- From: Sandro Hawke <sandro@w3.org>
- Date: Thu, 08 Mar 2012 08:11:13 -0500
- To: Andy Seaborne <andy.seaborne@epimorphics.com>
- Cc: RDF-WG <public-rdf-wg@w3.org>
On Thu, 2012-03-08 at 10:36 +0000, Andy Seaborne wrote:
> RFC 2046 defines application/* and text/*.
>
> The only default charset rules are for text/* only, not for application/*.
>
> ==== Proposal
>
> We can preserve existing behavior exactly.
+1 This looks to me like it will work fine.

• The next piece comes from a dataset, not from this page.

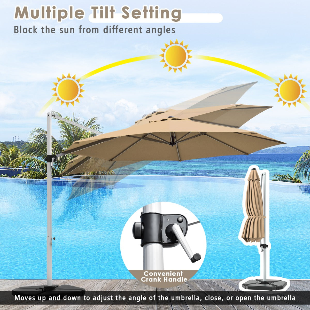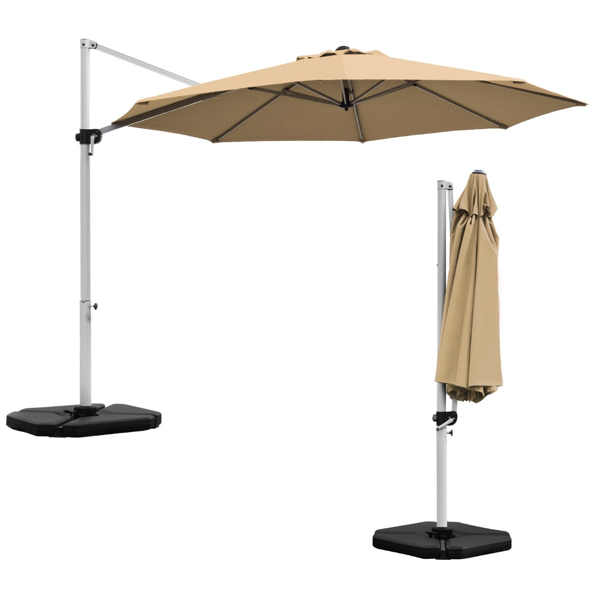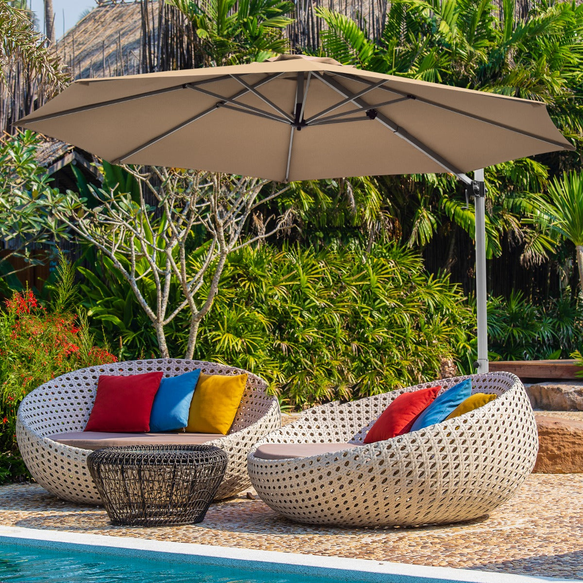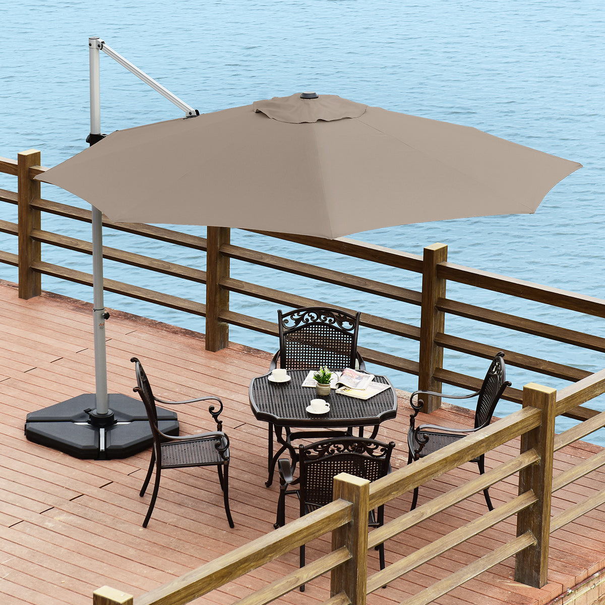 All-Direction Shade Enjoy: With the 335 cm diameter offset canopy, this deluxe patio umbrella will provide a spacious area of shade that can be used over tables and swimming pools to protect you from summer sun, sudden rain, harmful rays and dazzling light. Besides, the umbrella can be rotated 360 degrees to provide you with more sunshade solutions.

I know I expressed support for using the text/* tree in the meeting, so
that browsers will show the text when people click on links to it, but I
think that may be less important than allowing publishers to publish
UTF-8 without having to figure out how to specify a content-encoding and
remember to do it every time.
-- Sandro
> 1/ We state the current position that N-Triples data is currently served
> as text/plain and the default charset in this case is therefore ASCII.
>
> 2/ We register a new MIME type, application/n-triples, default charset
> UTF-8 (see below for rationale)
>
> 3/ (Optional) We could also register text/n-triples (default charset ascii).
>
> c.f. application/xml and text/xml.
>
> ==== Rationale
>
> == RFC 2046
>
> I went to RFC 2046 which I think defines application/*
>
> [[RFC 2046
> 4.5.3. Other Application Subtypes
>
> It is expected that many other subtypes of "application" will be
> defined in the future. MIME implementations must at a minimum treat
> any unrecognized subtypes as being equivalent to "application/octet-
> stream".
> ]]
>
> that's the nearest I could find to a general statement about
> application/*. There isn't anything about a default charset. If no
> charset is given, it's octets.
>
> If it's octets, the interpretation is up to the content-type
> registration. That can be to name a default or require a charset
> parameter be present. Dafault seems better.
>
> == text/*
>
> Only text/* has the any special rules and the defaulting rule is text/*
> specific.
> [see section 4.1 of RFC 2046]
>
> 1) the default for text/plain is us-ascii
>
> 2) other subtypes must default to us-ascii
>
> 3) Unrecognised types can be treated as text/plain
>
> 4) Types with unrecognised charsets are treated as
> application/octet-stream.
>
> == Implications
>
> This works well for us because ASCII is a subset of UTF-8 so existing
> N-Triples data can be read, as bytes, as both ASCII and UTF-8 without loss.
>
> If there is no charset on application/n-triples, then the data is passed
> to the processor, untouched (binary octets) and whatever rules this WG
> defines apply which go in the MIME type registration.
>
> == Existing data works in all content types
>
> Reading UTF-8 or ASCII for existing N-Triples data will yield the same
> codepoints i.e. set the default to UTF-8 and there is no problem for
> existing N-Triples data, and what is more, new style data is detectable
> because it is outside legal US-ASCII (even better, treating as binary
> octets preserves the data).
>
> == Existing software
>
> That leaves existing software, new data.
>
> But that is expecting text/plain. Adding text/n-triples may help if
> there is existing use of such a content type. (I have seen N-triples
> serves up as all sorts of things.)
>
> We handle this by noting in the spec that text/plain is also used for
> compatibility for N-triples and also note it is required to default to
> ASCII.
>
> Existing software that is not MIME-type sensitive is at the mercy of
> what's fed in regardless of what the working group decides, including
> Turtle.
>
> Existing software fed with existing data for any content-type/charset
> combination describes here will work and be correct.
>
> == Test cases, please!
>
> Let's move to working on specific examples. If something looks broken,
> please provide specific test cases. It's going to easier to make
> progress if we deal with concrete examples now.
>
> Andy
>
>
Received on Thursday, 8 March 2012 13:11:34 UTC